Klöckners Antwort auf die Debatte ist also: Es geht doch. Vier Cent mehr, das scheint machbar. Man muss sich die Rechnung aber genauer ansehen. Das geht mit der Frage los, was ein gesundes Schulessen eigentlich ausmacht. Über dessen Qualität entscheiden in Deutschland die Standards der Deutschen Gesellschaft für Ernährung. Ein Schulessen ist demnach gut, wenn es mindestens einmal in der Woche Kabeljau, Seelachs, Hering oder Makrele gibt. Auf dem Speiseplan sollen außerdem häufig Bohnen, Brokkoli, Zucchini, Wirsing und Weißkohl stehen. Und wenn schon Nudeln, dann wenigstens Vollkorn. Das klingt gesund. Ob die Kinder das essen werden, ist eine andere Frage.

Und damit kommt man zum nächsten Problem an Klöckners Rechnung. Kinder essen am liebsten, was sie von zu Hause kennen, was ihre Eltern mit Vorliebe essen und was ihnen ansprechend präsentiert wird. Nur weil es gesundes Essen gibt, ernähren sich Kinder nicht gesund. Geschmack entwickelt sich entlang positiver und negativer Erlebnisse. Der Weg von Fischstäbchen und Schnitzeln bei Mama zu Kabeljau und Wirsing in der Großkantine ist weit. Da liegen die Schokoriegel am Schulkiosk oder die Aufbackpizza vom Discounter auf dem Schulweg vielen Schülern näher. Von dieser Herausforderung steht in Klöckners Rechnung nichts.
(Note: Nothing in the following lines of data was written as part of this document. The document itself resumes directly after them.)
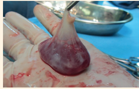
Figure 3: Photograph of the surgically removed blood cyst from the right atrium of a 76-year-old male patient showing gross pathology of a cyst filled with saline.

atrium, a black blood filled cystic mass was found. The cystic mass with its short stalk was connected to the coronary sinus valve [Figure 2]. The stalk of mass was excavated from its base by removal of the sub-endocardial layer [Figure 3]. In addition, the PFO was closed using prolene sutures. The patient was weaned from cardiopulmonary bypass and had an uneventful course. Histological examination revealed a blood cyst with internal cobblestone-like endothelium [Figure 4]. The stone-like nodules were not evaluated by a pathologist.
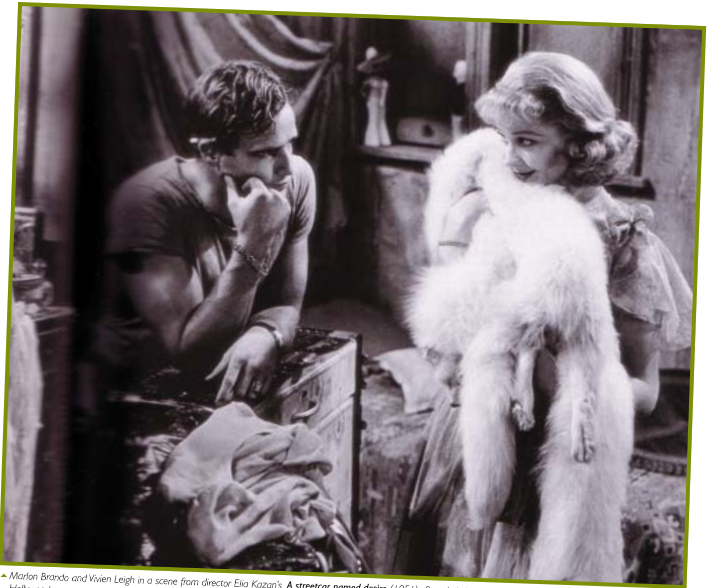
▲ Marlon Brando and Vivien Leigh in a scene from director Elia Kazan's A streetcar named desire (1951). Brando is known as a method actor whereas Leigh is old Hollywood
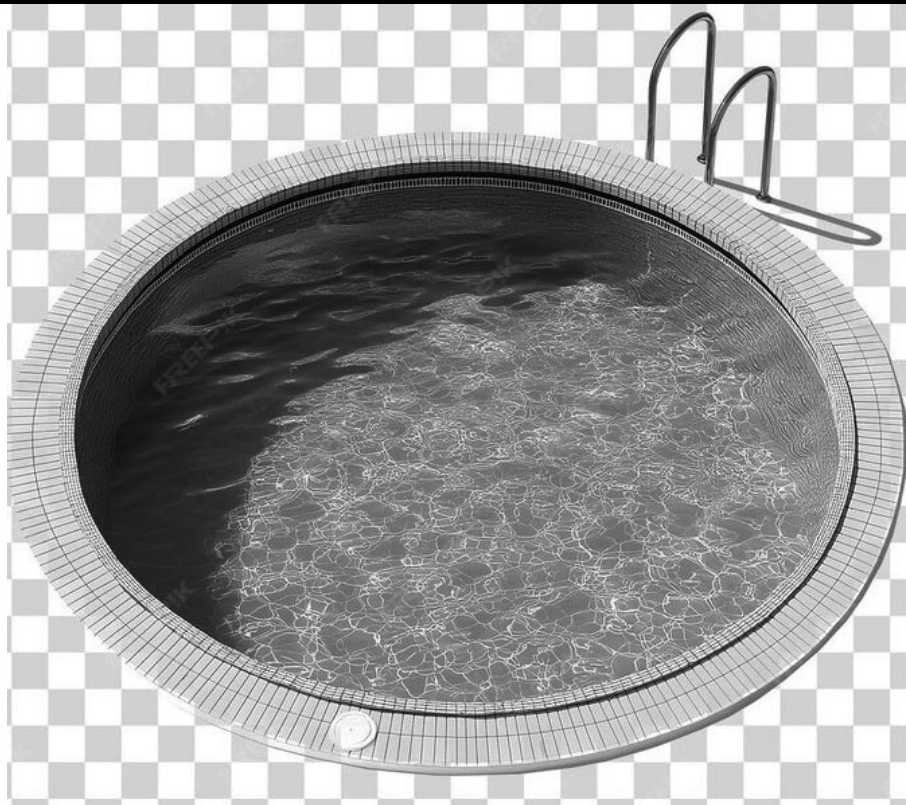
DIMENSIONS OF SWIMMING POOL
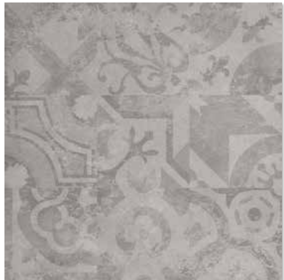
GCT 1A3 CEMENT MID DECOR CEMENTINE 61,5X61,5
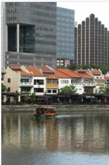
A Trip to Asia Pacific
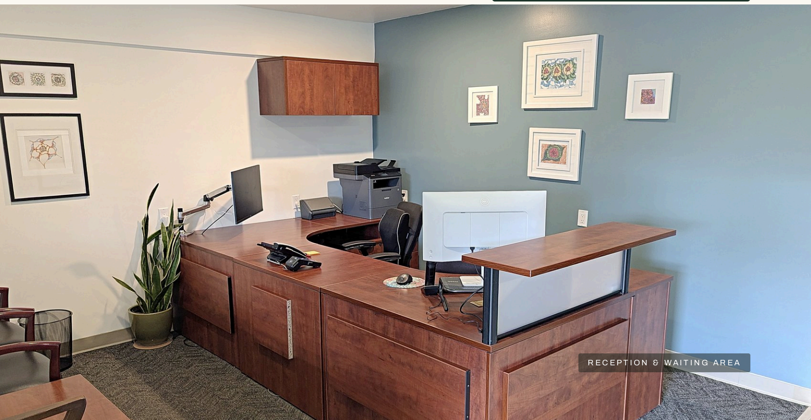
RECEPTION & WAITING AREA
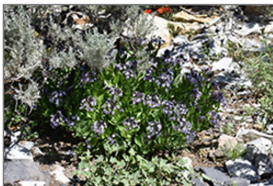
Jones' Bluestar in bloom
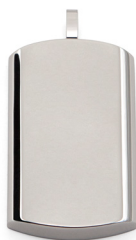
NEW “Tag” Pendant
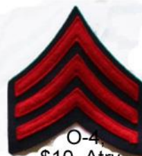
O-4, $10, Atry
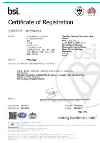
ISO 9001: 2015 Certificate in PRC ISO 9001 : 2015中國證書

本集團承諾為客戶提供高品質、安全的產品。本集團位於中國及越南的生產現場已落實嚴格的內部品質控制程序，並均已通過ISO 9001品質管理體系認證，監控整個生產過程及產品質量，包括確保產品的一致性，預防和糾正不符合規範的產品。本集團亦會對所有產品進行全面品質檢驗，只有通過檢驗的產品才能進入下一道工序。而在原材料管理方面，本集團要求所有產品的原材料必須符合相關的產品安全和環境要求(如RoHS)。例如，產品只使用銅含量在99.96%以上的銅線作為原料，以保證具有較高的能源效益。藉由嚴格的產品質量控制，本集團的產品質量得到了不同國家客戶的認可。
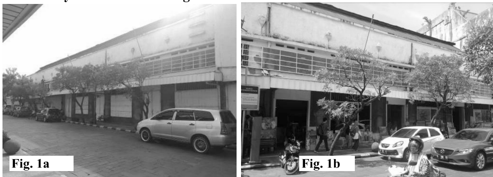
Figure 1a and 1b. the façade of Sumber Hidangan, Bandung.

Orderly rhythmical streamline on the façade before (left) and during (right) operational hours.
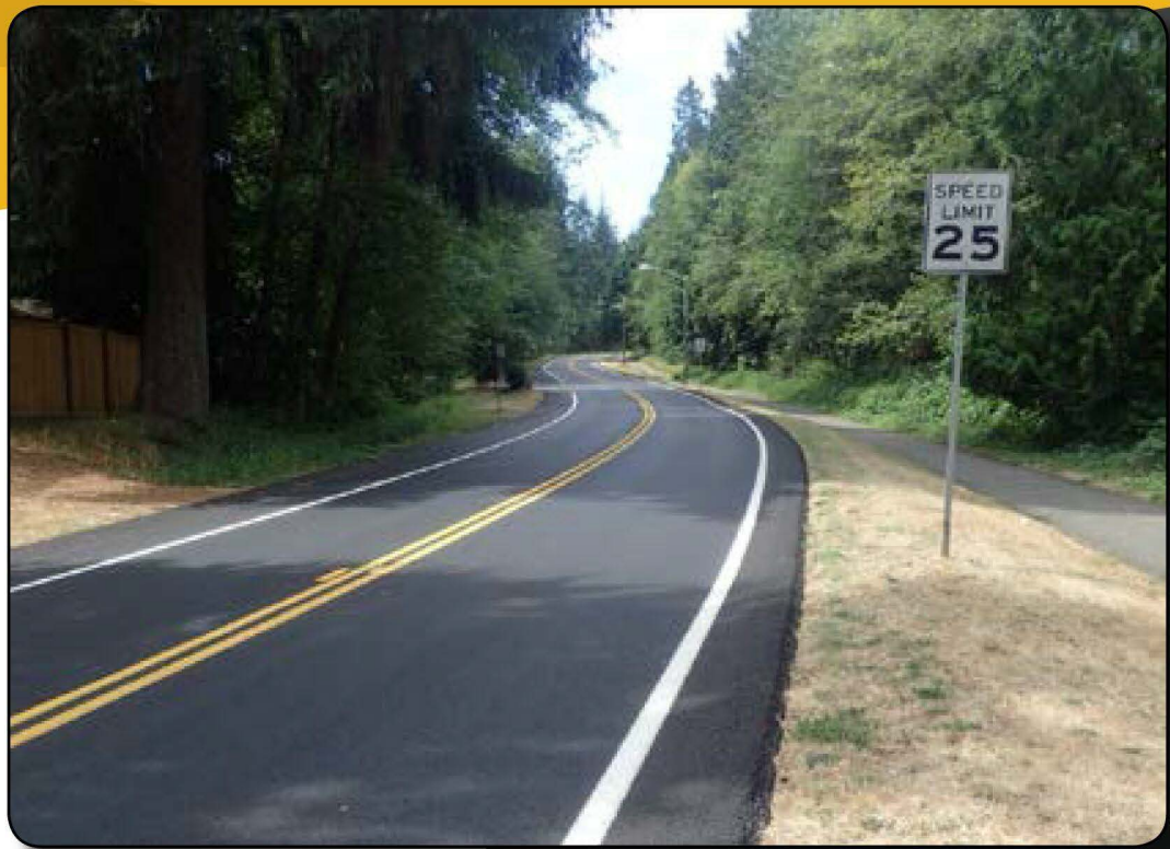
Fig 2: Completed Overlay - Somerset Hill Road

Das sieht man, wenn man sich anschaut, wie der gesunde Speiseplan ermöglicht werden soll. In dem Papier fällt der Begriff der "Prozess-Effizienz". Das bedeutet: Personal einsparen, mehr Essen in kürzerer Zeit ausgeben. Das ignoriert, dass Essen eine Kulturfrage ist. Ein gesundes Essen lebt auch davon, wie gegessen wird. Dazu gehören Zeit, eine ansprechende Zubereitung und auch die Möglichkeit, sich das Menü selbst zusammenzustellen: Nur ein bisschen von dem Fisch zu probieren, dafür ein bisschen mehr Kartoffeln, bitte.

Wenn die Politik will, dass Eltern arbeiten und Kinder in die Ganztagsschule gehen, dann muss sie nicht nur gesundes Essen auf den Tisch stellen. Es muss auch die kulturellen Aufgaben der Familie mehr und mehr übernehmen. Das Essen ist ein solches Kulturgut. Das lässt sich mit vier Cent nicht aufwiegen. Und um es in den Worten von Frau Klöckner zu sagen: Das sollten uns unsere Kinder wert sein.